* **SOURCE MATERIAL**:
********************
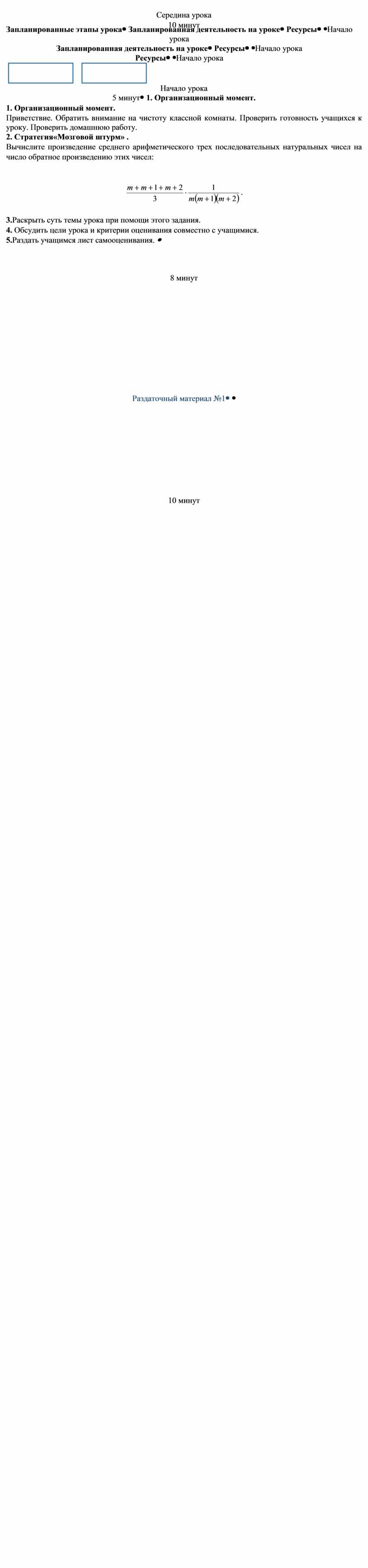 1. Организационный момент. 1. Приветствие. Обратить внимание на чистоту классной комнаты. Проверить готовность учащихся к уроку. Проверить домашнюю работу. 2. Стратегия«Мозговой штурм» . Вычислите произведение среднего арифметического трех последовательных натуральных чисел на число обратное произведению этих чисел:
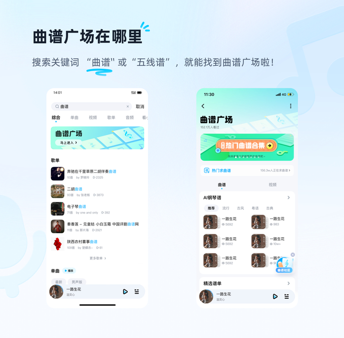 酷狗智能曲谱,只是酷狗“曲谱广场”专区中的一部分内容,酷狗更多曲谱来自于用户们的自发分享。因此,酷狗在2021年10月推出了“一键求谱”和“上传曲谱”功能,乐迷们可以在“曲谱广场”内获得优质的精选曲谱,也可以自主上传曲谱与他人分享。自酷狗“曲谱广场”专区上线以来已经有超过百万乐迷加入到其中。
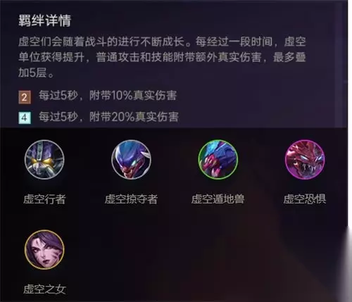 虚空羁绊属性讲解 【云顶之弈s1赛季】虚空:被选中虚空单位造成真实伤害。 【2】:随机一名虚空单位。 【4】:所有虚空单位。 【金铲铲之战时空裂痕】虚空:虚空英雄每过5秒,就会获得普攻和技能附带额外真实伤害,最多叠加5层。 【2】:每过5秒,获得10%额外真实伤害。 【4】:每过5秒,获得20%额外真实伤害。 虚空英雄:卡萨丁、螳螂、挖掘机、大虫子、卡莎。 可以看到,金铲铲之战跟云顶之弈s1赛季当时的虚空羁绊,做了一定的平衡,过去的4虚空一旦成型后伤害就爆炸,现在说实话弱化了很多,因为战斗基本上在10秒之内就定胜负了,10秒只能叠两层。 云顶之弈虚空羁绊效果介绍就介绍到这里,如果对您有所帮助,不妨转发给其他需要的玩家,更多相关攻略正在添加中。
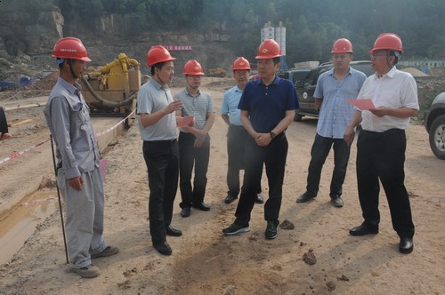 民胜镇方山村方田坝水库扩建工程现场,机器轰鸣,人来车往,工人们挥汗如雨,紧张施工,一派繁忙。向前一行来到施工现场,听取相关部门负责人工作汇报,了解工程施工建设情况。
********************
* **WHAT TO WORK ON**:
A faithful copy is needed: reproduce all of the data above, leaving the pictures out.

* **COMPLETED EXERCISE**:
 1. Организационный момент. 1. Приветствие. Обратить внимание на чистоту классной комнаты. Проверить готовность учащихся к уроку. Проверить домашнюю работу. 2. Стратегия«Мозговой штурм» . Вычислите произведение среднего арифметического трех последовательных натуральных чисел на число обратное произведению этих чисел:
 酷狗智能曲谱,只是酷狗“曲谱广场”专区中的一部分内容,酷狗更多曲谱来自于用户们的自发分享。因此,酷狗在2021年10月推出了“一键求谱”和“上传曲谱”功能,乐迷们可以在“曲谱广场”内获得优质的精选曲谱,也可以自主上传曲谱与他人分享。自酷狗“曲谱广场”专区上线以来已经有超过百万乐迷加入到其中。
 虚空羁绊属性讲解 【云顶之弈s1赛季】虚空:被选中虚空单位造成真实伤害。 【2】:随机一名虚空单位。 【4】:所有虚空单位。 【金铲铲之战时空裂痕】虚空:虚空英雄每过5秒,就会获得普攻和技能附带额外真实伤害,最多叠加5层。 【2】:每过5秒,获得10%额外真实伤害。 【4】:每过5秒,获得20%额外真实伤害。 虚空英雄:卡萨丁、螳螂、挖掘机、大虫子、卡莎。 可以看到,金铲铲之战跟云顶之弈s1赛季当时的虚空羁绊,做了一定的平衡,过去的4虚空一旦成型后伤害就爆炸,现在说实话弱化了很多,因为战斗基本上在10秒之内就定胜负了,10秒只能叠两层。 云顶之弈虚空羁绊效果介绍就介绍到这里,如果对您有所帮助,不妨转发给其他需要的玩家,更多相关攻略正在添加中。
 民胜镇方山村方田坝水库扩建工程现场,机器轰鸣,人来车往,工人们挥汗如雨,紧张施工,一派繁忙。向前一行来到施工现场,听取相关部门负责人工作汇报,了解工程施工建设情况。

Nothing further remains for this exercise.